En el común hablar entre gentes de la tierra maragata sobresale el uso del diminutivo. Es práctica que convierte hechos y objetos en algo cercano y familiar. Y tampoco desdeña una confianza con interlocutor o interlocutores vestida de amistad o cercanía.
Por eso, me llama la atención que para los lugareños, el edificio que alberga el Ayuntamiento de Astorga se desmarque de la jerga habitual y le conceda como divisa identificativa un sonoro aumentativo: la Casona. ¿Será una sublimación del respeto a lo que debe ser hogar de todos? Siendo así, es óptima forma de demostrarlo.
Y la realidad es que cuadra el recurso oral de sutil colosalismo en el monumento, para tantos, locales y forasteros, más emblemático de la ciudad. Es uno de las casas consistoriales más bonitas y llamativas de este país. Domina el entorno de la plaza Mayor (o de España, no se hurte la polémica escondida y la clarificación de su denominación oficial) en la que se alegoriza como broche de un collar de perlas. Gloriosa glorieta de protocolos y ferias; de juegos y espectáculos; de correrías infantiles y de reposos de osamentas cansadas y dobladas por los años; de cohete de fiestas y de sentida devoción al paso de las procesiones. A todo presta atención la Casona, majestuosa de oficio.

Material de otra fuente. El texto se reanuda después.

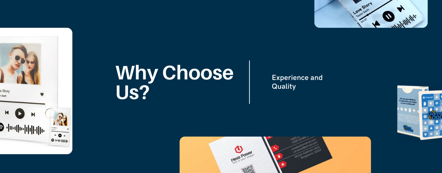 From the start, we’ve focused on two core principles: uncompromising quality in materials and craftsmanship, and a customer-centric approach that puts your vision at the forefront. Whether you’re creating a sentimental music plaque for a loved one, professional business cards for your brand, or custom trading cards for your gaming community, we treat every project with the same level of care and attention to detail.

La Casona es sede de la voluntad popular expresada en la elección de los regidores, pero no solo de política se atavía. Por su ático, Zancuda y Colasa dan fe de inquilinato por encima de veleidades de urna. Felices protagonistas de las campanadas horarias, a mazo en mano y juego de cadera. Son los astorganos más fotografiados. Magos por un estrellato ganado en el lapso temporal mínimo de uno a doce segundos, según horario. Faltaba la magia. Ahí su rúbrica.